Task details = Below this line is the material. Write out only its lines from the one containing "Estas no son" through the one containing "Ο Δήμος Πολυγύρου, σε", both kept, exactly.

[Opening Material to process section]

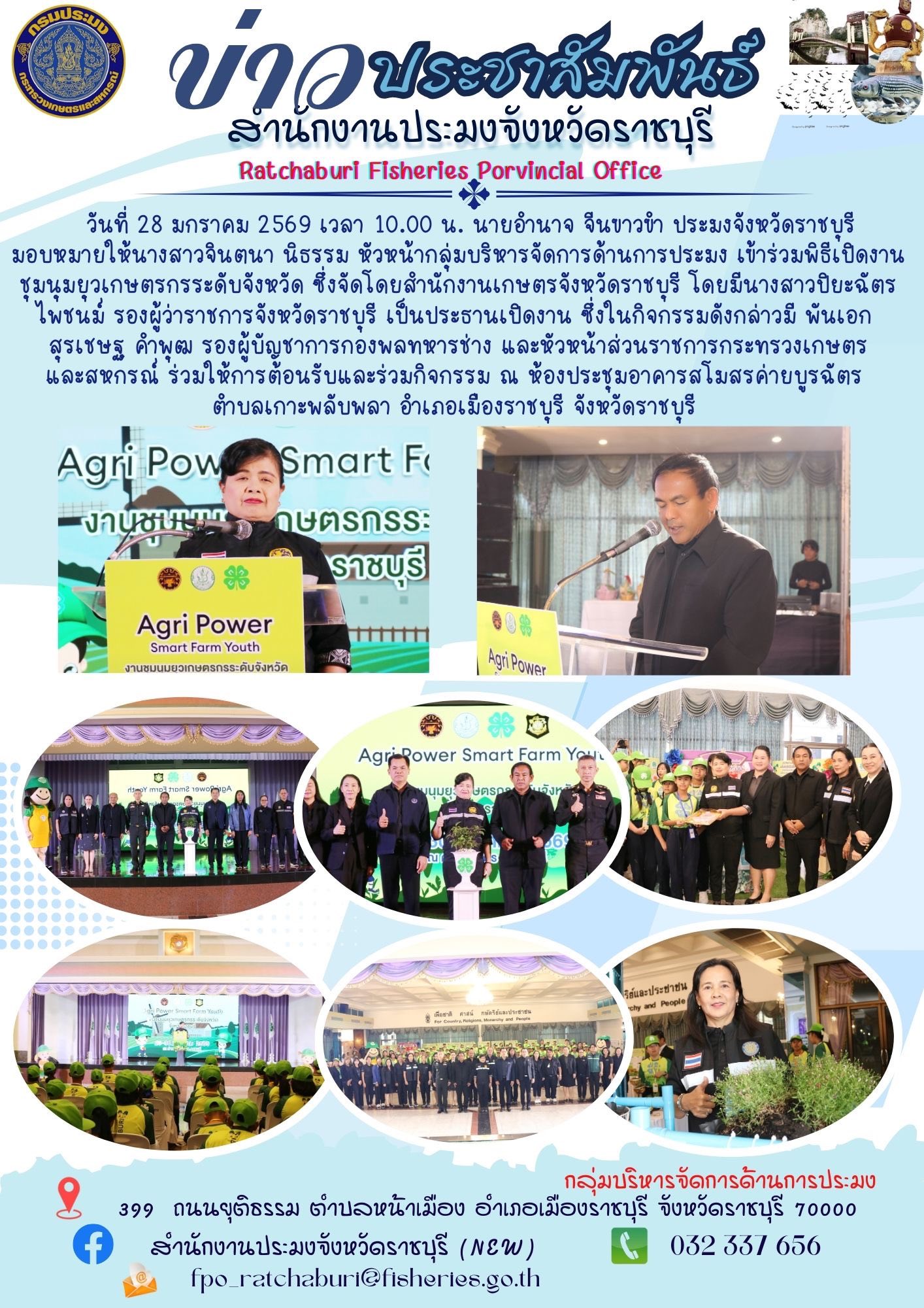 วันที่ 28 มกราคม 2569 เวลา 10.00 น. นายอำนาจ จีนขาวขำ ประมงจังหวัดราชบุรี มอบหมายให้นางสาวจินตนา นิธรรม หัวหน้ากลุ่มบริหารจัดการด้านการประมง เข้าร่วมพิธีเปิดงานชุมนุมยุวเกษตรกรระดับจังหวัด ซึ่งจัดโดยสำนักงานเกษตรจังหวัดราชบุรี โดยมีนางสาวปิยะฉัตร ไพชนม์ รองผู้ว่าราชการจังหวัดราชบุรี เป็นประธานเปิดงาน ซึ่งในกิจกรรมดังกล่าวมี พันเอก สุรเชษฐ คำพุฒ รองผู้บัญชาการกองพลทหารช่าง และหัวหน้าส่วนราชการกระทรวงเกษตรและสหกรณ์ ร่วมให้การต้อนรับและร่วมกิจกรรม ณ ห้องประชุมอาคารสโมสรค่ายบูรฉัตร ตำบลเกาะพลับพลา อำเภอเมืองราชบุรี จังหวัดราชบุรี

[Closing Material to process section]
[Opening Material to process section]

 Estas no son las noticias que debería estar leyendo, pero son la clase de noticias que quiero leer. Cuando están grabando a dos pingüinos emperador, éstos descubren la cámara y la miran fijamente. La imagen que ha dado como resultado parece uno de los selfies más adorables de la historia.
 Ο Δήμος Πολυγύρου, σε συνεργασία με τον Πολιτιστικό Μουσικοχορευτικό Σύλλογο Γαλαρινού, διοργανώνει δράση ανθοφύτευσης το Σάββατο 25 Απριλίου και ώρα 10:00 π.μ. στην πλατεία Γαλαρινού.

[Closing Material to process section]
[Opening Material to process section]

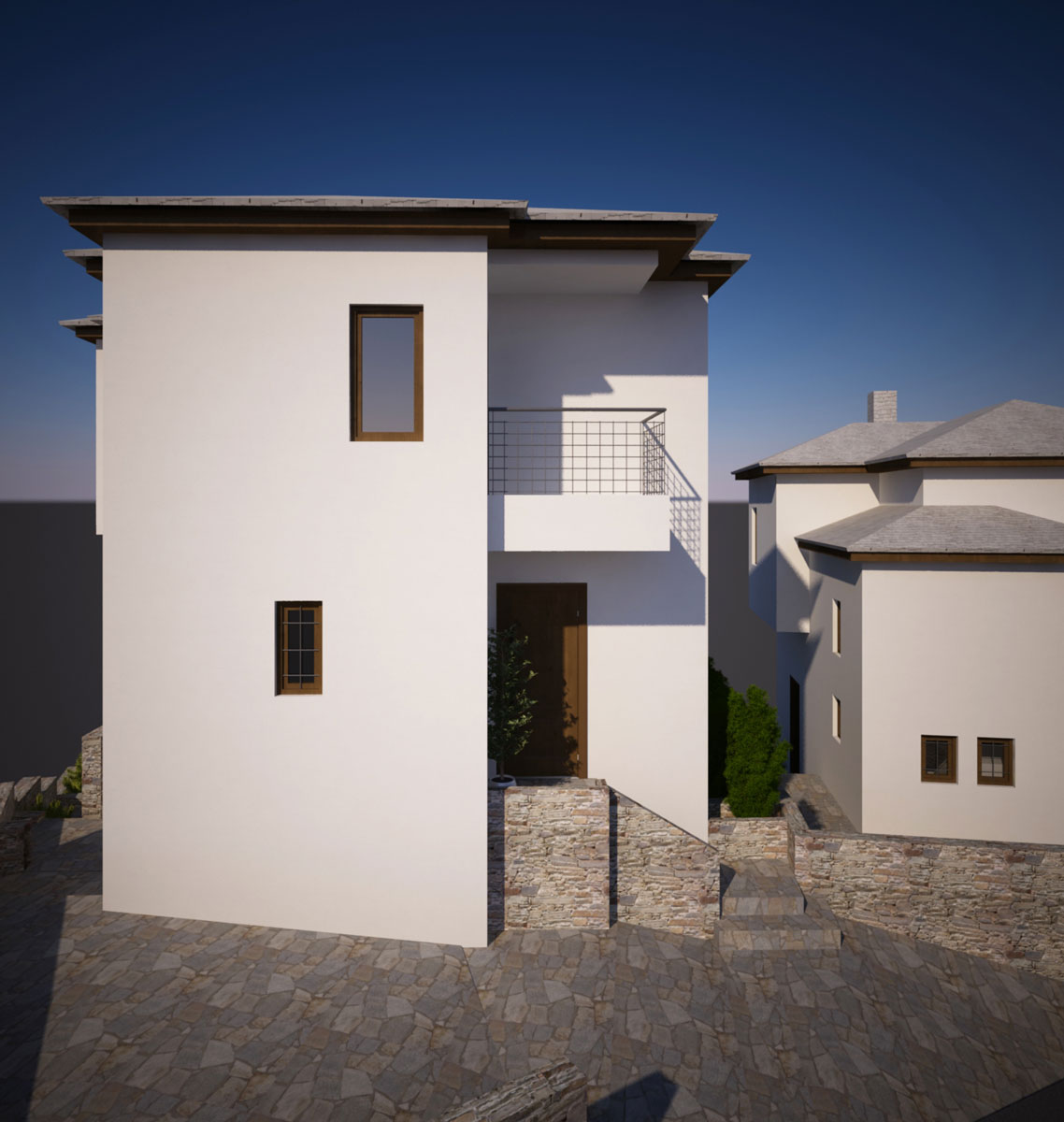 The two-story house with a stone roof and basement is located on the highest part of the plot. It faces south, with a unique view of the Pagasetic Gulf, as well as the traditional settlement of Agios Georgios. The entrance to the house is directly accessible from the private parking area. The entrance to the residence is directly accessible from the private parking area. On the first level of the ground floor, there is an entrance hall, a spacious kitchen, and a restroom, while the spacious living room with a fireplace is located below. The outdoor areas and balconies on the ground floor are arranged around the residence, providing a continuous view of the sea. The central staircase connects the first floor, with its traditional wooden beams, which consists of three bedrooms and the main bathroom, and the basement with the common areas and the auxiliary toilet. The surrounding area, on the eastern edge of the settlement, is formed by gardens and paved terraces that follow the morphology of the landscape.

[Closing Material to process section]

Answer below =
 Estas no son las noticias que debería estar leyendo, pero son la clase de noticias que quiero leer. Cuando están grabando a dos pingüinos emperador, éstos descubren la cámara y la miran fijamente. La imagen que ha dado como resultado parece uno de los selfies más adorables de la historia.
 Ο Δήμος Πολυγύρου, σε συνεργασία με τον Πολιτιστικό Μουσικοχορευτικό Σύλλογο Γαλαρινού, διοργανώνει δράση ανθοφύτευσης το Σάββατο 25 Απριλίου και ώρα 10:00 π.μ. στην πλατεία Γαλαρινού.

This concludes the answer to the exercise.